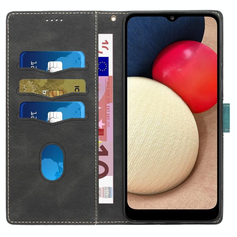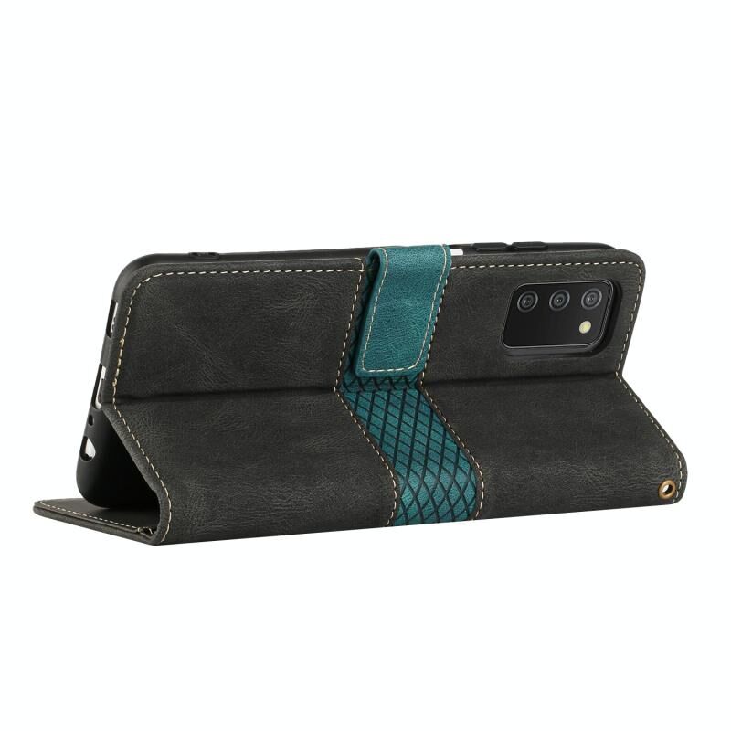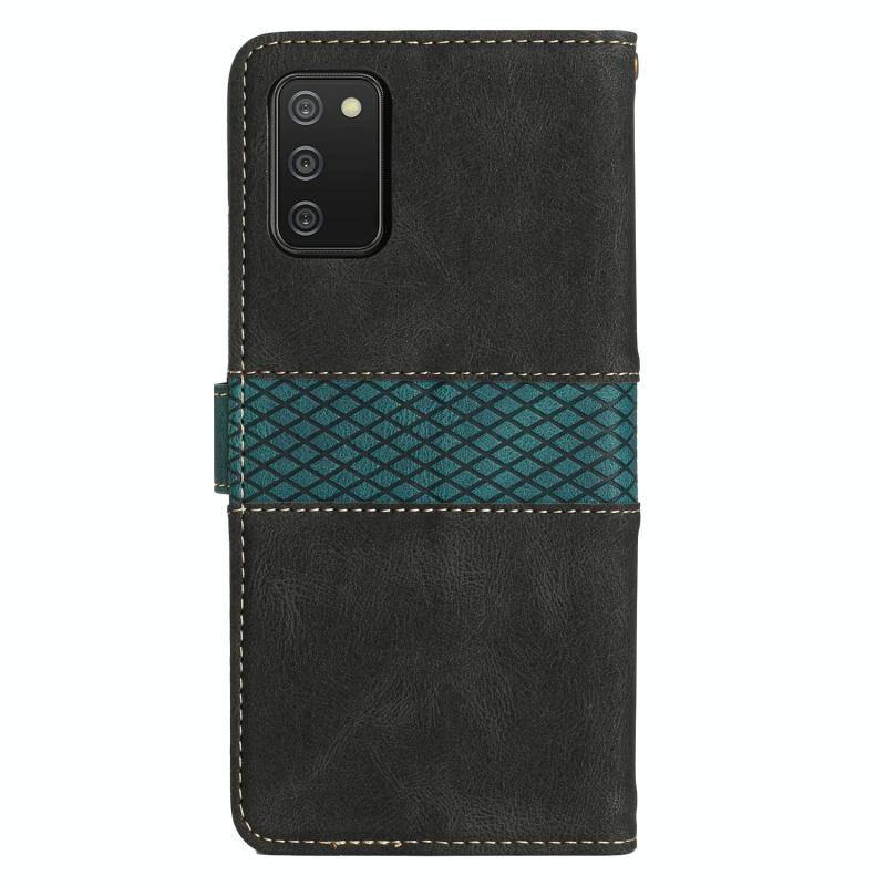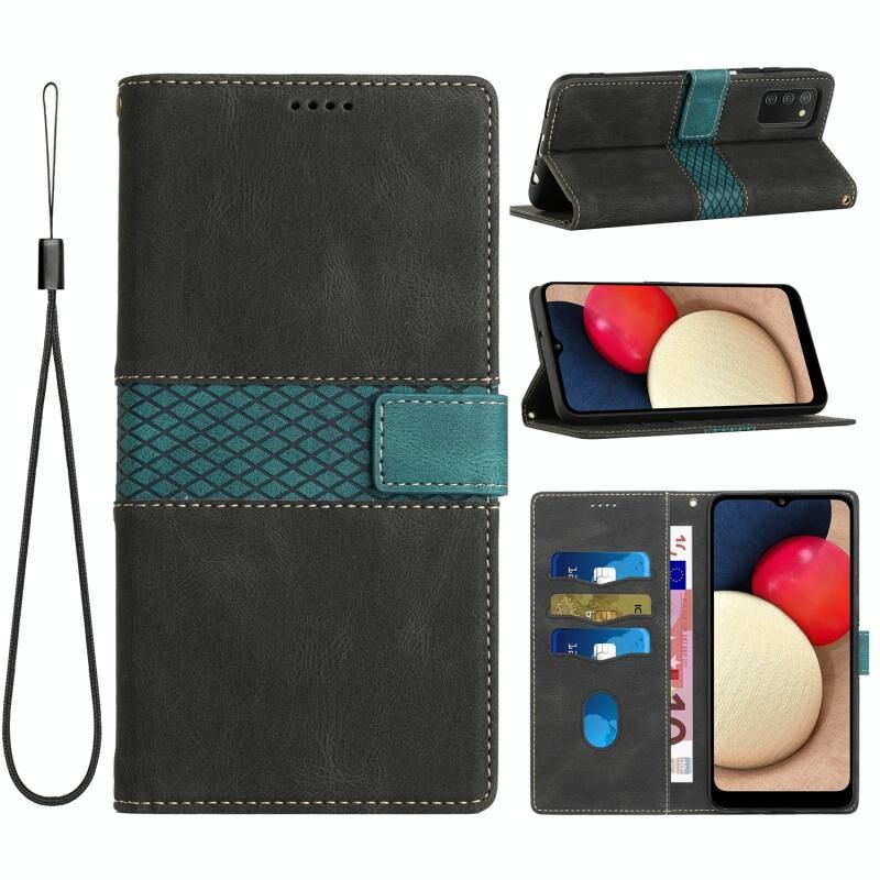 Για Samsung Galaxy A03s 164mm Grid ραφή δερμάτινη θήκη τηλεφώνου με κορδόνι (μαύρο)
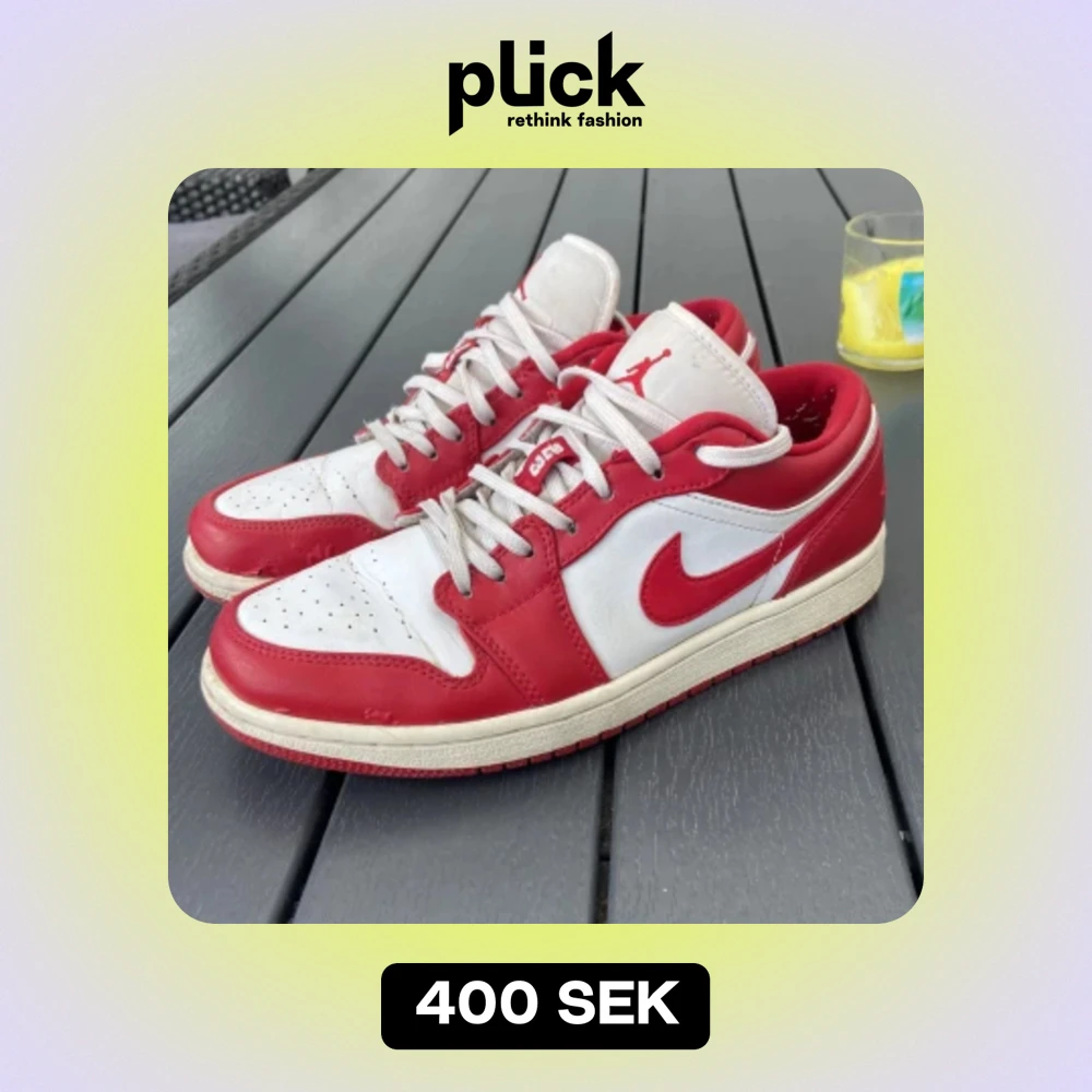 Jordan 1 Low Red/White Använda skor men ser fortfarande snygga ut på!
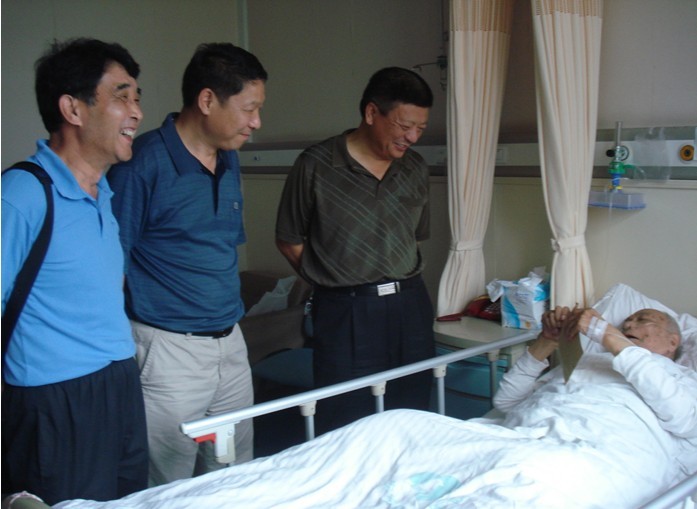 圖為公司黨委書記朱治淮(右一)、工會(huì)主席李林(右二)在省立醫(yī)院看望老干部劉弘毅
========
### Exercise brief
Without including any pictures, reproduce the listing exactly.

### Written response
 Για Samsung Galaxy A03s 164mm Grid ραφή δερμάτινη θήκη τηλεφώνου με κορδόνι (μαύρο)
 Jordan 1 Low Red/White Använda skor men ser fortfarande snygga ut på!
 圖為公司黨委書記朱治淮(右一)、工會(huì)主席李林(右二)在省立醫(yī)院看望老干部劉弘毅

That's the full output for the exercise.